In the Phase 3 REALIZE study, 662 genotype 1 hepatitis C virus (HCV)-infected patients with prior peginterferon/ribavirin treatment failure (including relapsers, partial, and null responders) were randomized to 12 weeks of telaprevir given immediately (T12/PR48) or following 4 weeks of peginterferon/ribavirin (lead-in T12/PR48), or 12 weeks of placebo (PR48), combined with a total of 48 weeks of peginterferon alfa-2a/ribavirin. Sustained virologic response (SVR) rates were 64% (T12/PR48), 66% (lead-in T12/PR48), and 17% (PR48).
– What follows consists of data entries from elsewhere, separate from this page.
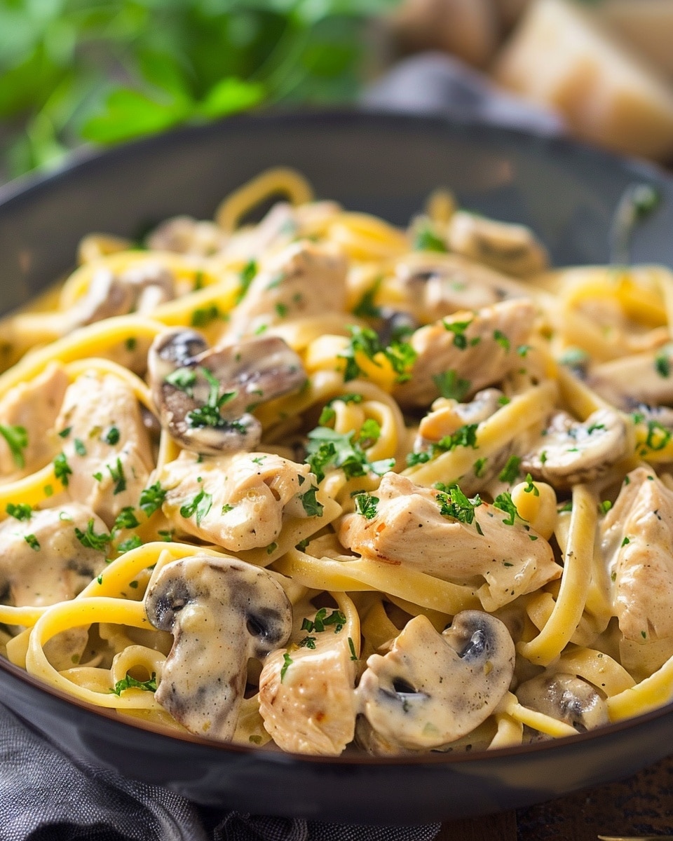 PrintRich Chicken and Mushroom Pasta in Velvety Cream Sauce
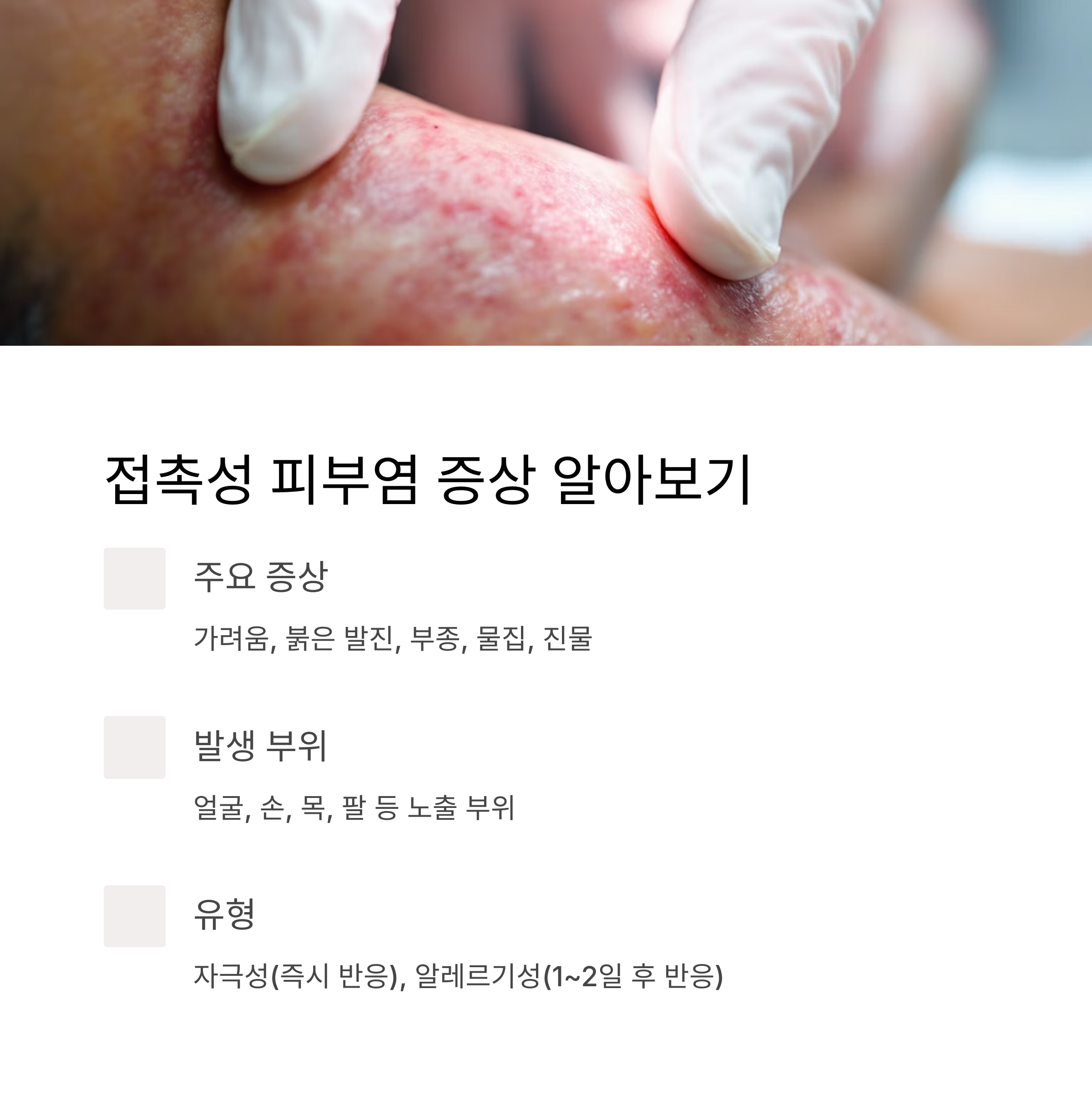 - 자극성 피부염: 자극 물질 접촉 직후 반응 발생
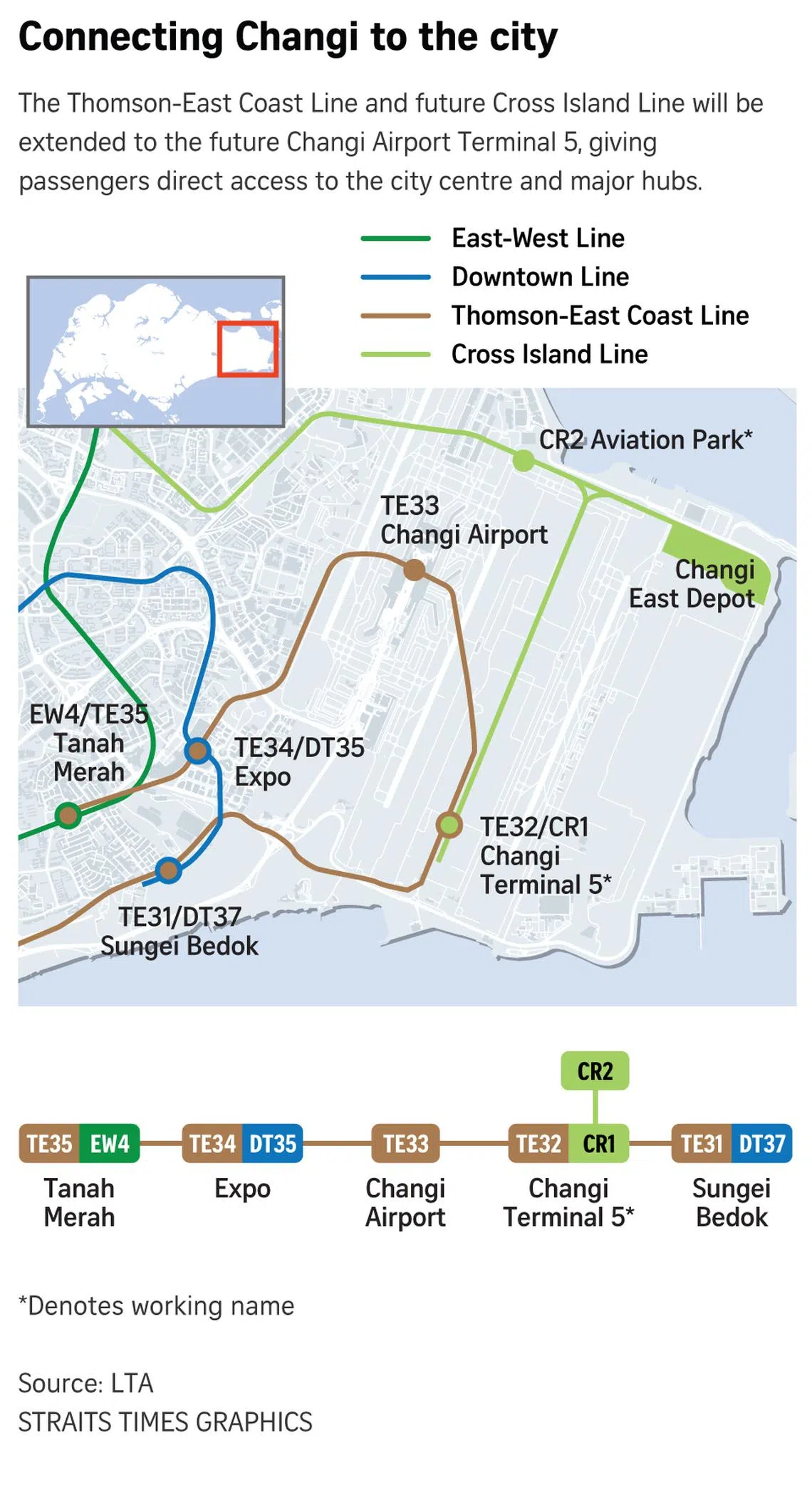 - The stations are being converted to Thomson-East Coast Line stations, creating a direct MRT link from the airport to the city via the future Terminal 5.
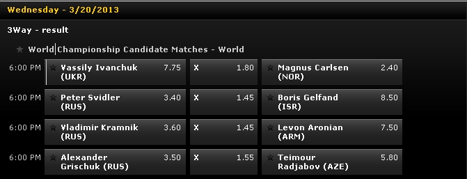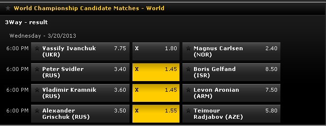 А вот рекомендованные ставки. Как видно, на партию Иванчук-Карлсен подсказок нет. )

This analysis aimed to characterize treatment outcomes and viral variants emerging in telaprevir-treated patients not achieving SVR. HCV NS3·4A population sequencing was performed at baseline, during treatment, and follow-up. Telaprevir-resistant variants were classified into lower-level (3- to 25-fold 50% inhibitory concentration [IC(50) ] increase: V36A/M, T54A/S, R155I/K/M/T, and A156S) and higher-level (>25-fold IC(50) increase: V36M+R155K and A156T/V) resistance. Resistant variants were uncommon at baseline. Overall, 18% (52%, 19%, and 1% of prior null and partial responders and relapsers, respectively) of telaprevir-treated patients had on-treatment virologic failure, with no significant difference with or without a lead-in. Virologic failure during the telaprevir-treatment phase was predominantly associated with higher-level resistance; virologic failure during the peginterferon/ribavirin-treatment phase was associated with higher- or lower-level, or wildtype variants, depending on genotype. Relapse occurred in 9% of patients completing assigned treatment and was generally associated with lower-level resistant variants or wildtype. Resistant variants were no longer detectable by study end (median follow-up of 11 months) in 58% of non-SVR patients.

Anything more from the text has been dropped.